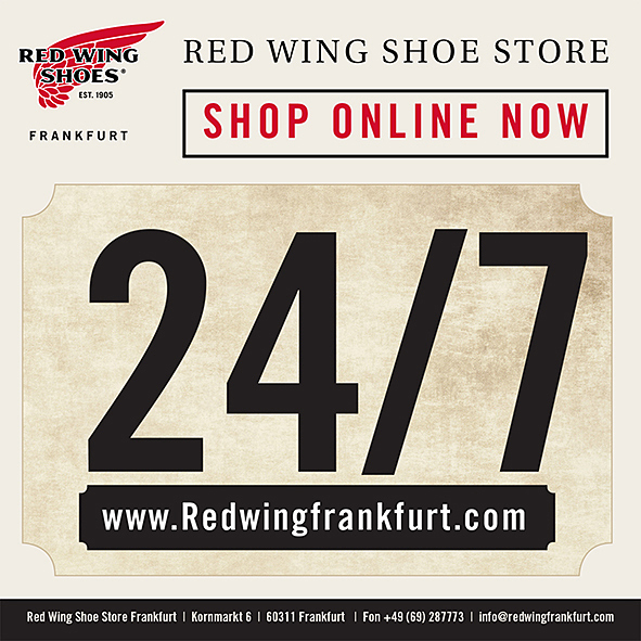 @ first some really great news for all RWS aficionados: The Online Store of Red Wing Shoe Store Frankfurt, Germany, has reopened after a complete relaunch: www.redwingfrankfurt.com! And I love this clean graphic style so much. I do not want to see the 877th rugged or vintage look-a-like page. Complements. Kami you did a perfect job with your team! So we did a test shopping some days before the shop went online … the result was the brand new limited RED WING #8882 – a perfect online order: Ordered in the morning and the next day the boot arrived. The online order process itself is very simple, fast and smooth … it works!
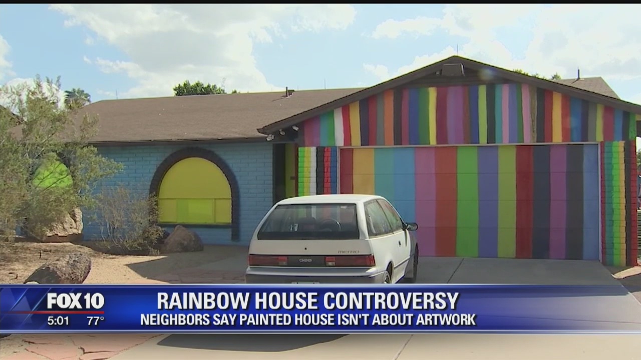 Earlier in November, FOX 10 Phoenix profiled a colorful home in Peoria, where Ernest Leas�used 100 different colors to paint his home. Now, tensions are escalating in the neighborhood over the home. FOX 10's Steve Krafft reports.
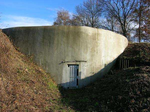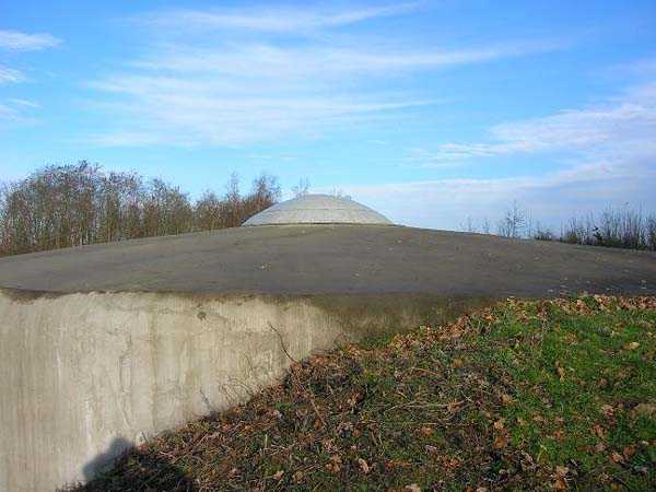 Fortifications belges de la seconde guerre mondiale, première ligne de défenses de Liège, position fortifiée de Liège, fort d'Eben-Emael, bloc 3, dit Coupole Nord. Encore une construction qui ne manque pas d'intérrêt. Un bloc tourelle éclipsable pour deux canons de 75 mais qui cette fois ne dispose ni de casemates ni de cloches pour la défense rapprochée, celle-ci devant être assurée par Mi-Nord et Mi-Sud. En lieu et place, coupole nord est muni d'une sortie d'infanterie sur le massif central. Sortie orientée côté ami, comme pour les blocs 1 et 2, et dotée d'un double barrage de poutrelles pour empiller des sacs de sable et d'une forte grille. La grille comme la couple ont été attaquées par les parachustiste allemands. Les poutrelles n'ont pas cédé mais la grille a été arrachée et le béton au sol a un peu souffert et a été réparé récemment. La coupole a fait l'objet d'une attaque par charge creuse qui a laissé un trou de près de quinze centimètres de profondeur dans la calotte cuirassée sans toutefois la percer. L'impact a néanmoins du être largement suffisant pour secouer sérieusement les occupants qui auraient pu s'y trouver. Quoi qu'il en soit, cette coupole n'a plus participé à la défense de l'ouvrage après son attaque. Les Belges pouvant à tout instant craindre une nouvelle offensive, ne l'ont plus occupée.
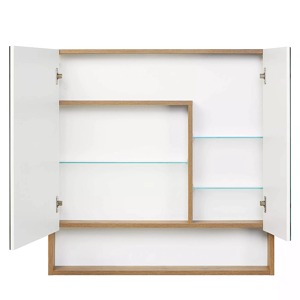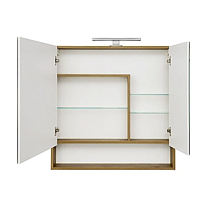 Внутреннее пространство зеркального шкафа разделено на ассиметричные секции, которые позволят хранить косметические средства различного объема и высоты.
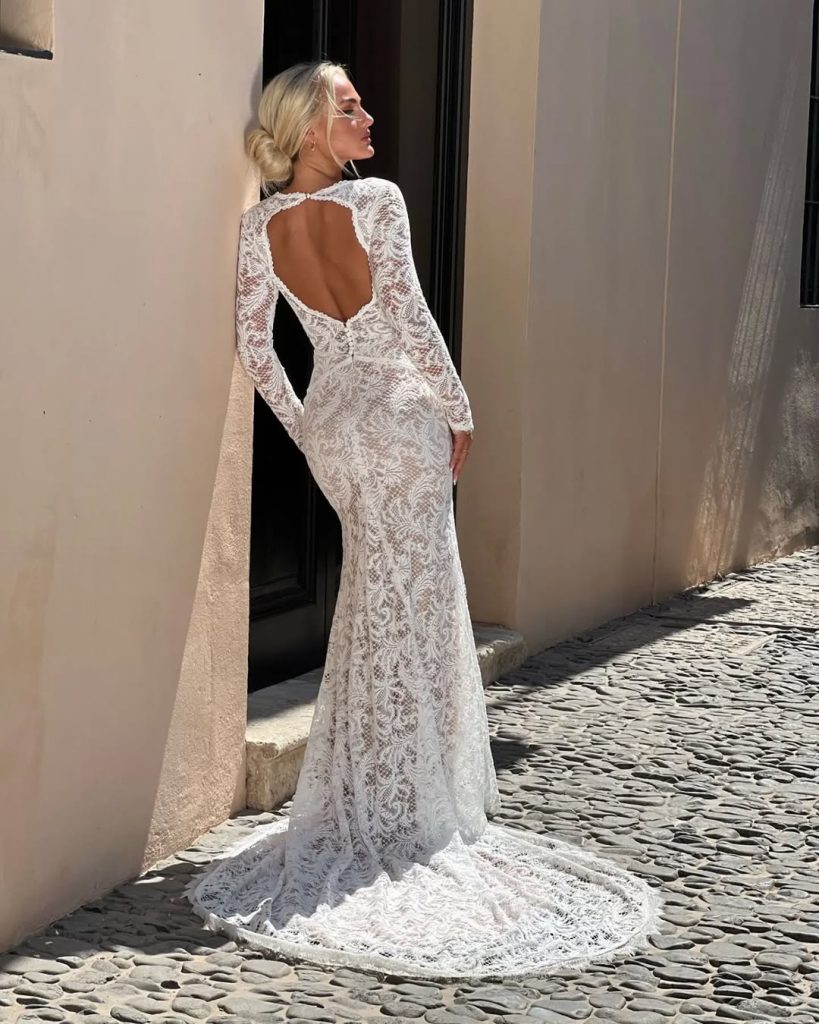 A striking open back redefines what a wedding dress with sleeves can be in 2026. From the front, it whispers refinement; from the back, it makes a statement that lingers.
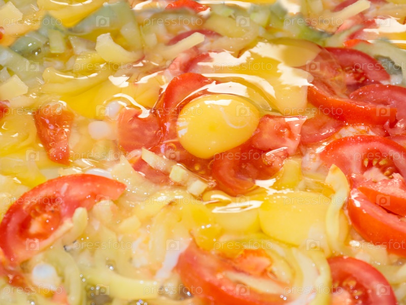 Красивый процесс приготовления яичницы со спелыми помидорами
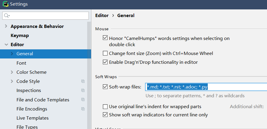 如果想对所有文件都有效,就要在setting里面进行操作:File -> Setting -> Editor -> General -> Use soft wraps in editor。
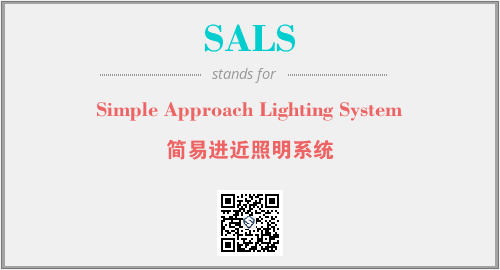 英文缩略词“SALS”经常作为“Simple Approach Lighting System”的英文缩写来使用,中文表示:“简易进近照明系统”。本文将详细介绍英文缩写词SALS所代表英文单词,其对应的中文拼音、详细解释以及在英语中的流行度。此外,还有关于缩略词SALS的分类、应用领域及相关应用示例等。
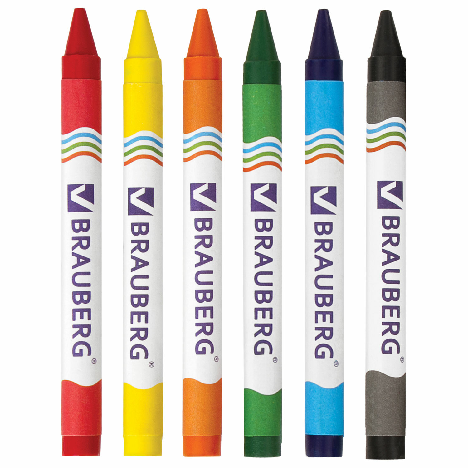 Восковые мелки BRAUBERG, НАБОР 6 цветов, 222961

______

▸ PROBLEM DESCRIPTION:
Reproduce word for word, with pictures dropped, only the part of the material above that opens with the line containing "A striking open" and closes with the line containing "如果想对所有文件都有效,就要在setting里面进行操作:File -> Setting".

▸ OUTPUT OF THE EXERCISE:
 A striking open back redefines what a wedding dress with sleeves can be in 2026. From the front, it whispers refinement; from the back, it makes a statement that lingers.
 Красивый процесс приготовления яичницы со спелыми помидорами
 如果想对所有文件都有效,就要在setting里面进行操作:File -> Setting -> Editor -> General -> Use soft wraps in editor。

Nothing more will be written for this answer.